You must have good qualities to go into social work. It's not exactly lucrative and whatever you do, you're fucked. I agree there will be crap ones but there are also good ones and I think we should remember that our experiences are only our experiences, so we don't scare people by making sweeping statements that are quite possibly only true for us or in some cases.

Of course, we can always generalise about councils who are generally, with few exceptions, penny-pinching, lying gits.

StarlightWonderStarlightBright · 29/12/2010 21:38

Yes I know giveme. Sometimes it is just hard to get past the bitterness.

The funny thing is though that I used to work closely with social workers in children's services. I was in awe of them and thought they were talented and ace.

But when I think of my social worker, the one that was supposed to help us, her boss and her team I somehow just don't equate them to the ones I worked with.
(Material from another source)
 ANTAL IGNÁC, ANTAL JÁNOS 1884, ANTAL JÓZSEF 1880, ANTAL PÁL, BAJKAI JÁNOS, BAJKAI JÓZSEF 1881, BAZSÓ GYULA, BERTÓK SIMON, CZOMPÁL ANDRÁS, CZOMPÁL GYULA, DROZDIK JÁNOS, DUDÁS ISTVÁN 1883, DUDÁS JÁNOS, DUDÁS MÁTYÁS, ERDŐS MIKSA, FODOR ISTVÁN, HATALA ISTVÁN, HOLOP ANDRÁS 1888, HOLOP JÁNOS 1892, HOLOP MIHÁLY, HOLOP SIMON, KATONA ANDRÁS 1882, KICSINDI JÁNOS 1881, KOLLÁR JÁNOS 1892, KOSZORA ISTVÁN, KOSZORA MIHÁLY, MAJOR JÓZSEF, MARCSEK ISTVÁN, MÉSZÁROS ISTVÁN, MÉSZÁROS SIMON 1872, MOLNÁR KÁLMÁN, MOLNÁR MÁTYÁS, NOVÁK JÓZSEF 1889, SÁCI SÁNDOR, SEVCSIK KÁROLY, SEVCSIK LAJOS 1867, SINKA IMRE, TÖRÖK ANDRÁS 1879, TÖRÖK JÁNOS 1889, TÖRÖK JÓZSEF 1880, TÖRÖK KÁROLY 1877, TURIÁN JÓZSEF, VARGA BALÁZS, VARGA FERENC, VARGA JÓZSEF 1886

It's like a different planet or something.

I can't work out whether they are the same, fab to work with, dire to receive a service from, or whether they are two distinct 'types'. I think that is what I was getting at wrt to the difference between delivery and recieved iyswim.
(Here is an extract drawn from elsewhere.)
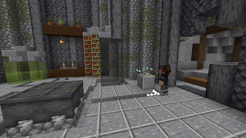 The main content is found underground, down a staircase in the main castle. At the bottom of this stairway, players will find a room filled with enemies, including an Evoker. A lever can be flipped in order to start an animation, resulting in the creation of a small structure.

Also whilst you shouldn't generalise, our brains are designed to. For example, if I were to ask you what do chairs looked like, you'd probably say 4 legs, wooden. That doesn't mean there aren't millions out there that aren't, maybe even more than are.
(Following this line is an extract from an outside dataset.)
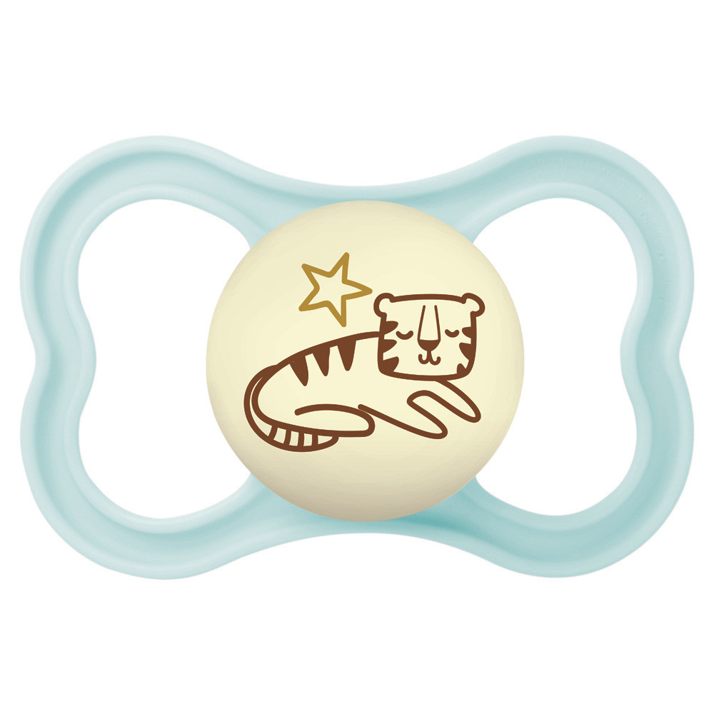 Az extra vékony és rugalmas szívóka lehetõvé teszi a zárt szájtartást, hogy a babák természetes módon tudják becsukni a szájukat cumizás közben. Ez a fogaknak elegendõ helyet hagy a normál növekedéshez. Az extra nagy szellõzõlyukaknak köszönhetõen különösen kíméletes a babák érzékeny bõréhez. A cumi gombja világít a sötétben.

Oh I dunno what I'm getting at. Probably trying very badly to apologise.

So, sorry!

1980Sport · 29/12/2010 21:43

Hi givemesleep - it was that vile thread that made me ask the question as I was sure there would be people out there who had positive experiences but I must admit it did make me think twice about inviting social services into our lives!

Agnes - I'd never even thought about respite but with ds2 it might be something we might need in the future as g'parents are already beginning to struggle with ds1 in terms of lifting etc!

As I said before I'd just like to know what support might be available IF we do need it rather than get to the stage that we really do need it and only start the process then if that makes sense!

Thank you to the other posters for sharing your experiences!

Sign - remember is asked your advice on signing? Must share a funny story with you sometime, maybe pm you if that's ok??

OP posts:
elliejjtiny · 29/12/2010 22:04

My experience of SW's has been similar to starlight's. DS2's sw was extremely patronising and obviously didn't live in the real world as she expected me to leave my mildy autistic toddler and my hypermobile, high maintenance baby with DH's elderly grandparents on a regular basis. She also said that DH should take time of work to transport us to the dc's appointments (which at the time were about 3-4 a week).

I found the volunteer befriender from barnardos far more helpful with helping me find out about what support we were entitled to etc.

If you do decide you want a social worker, do you know any other mums locally who are getting support from social services? They might be able to tell you what support is available and which sw are good and which ones to avoid.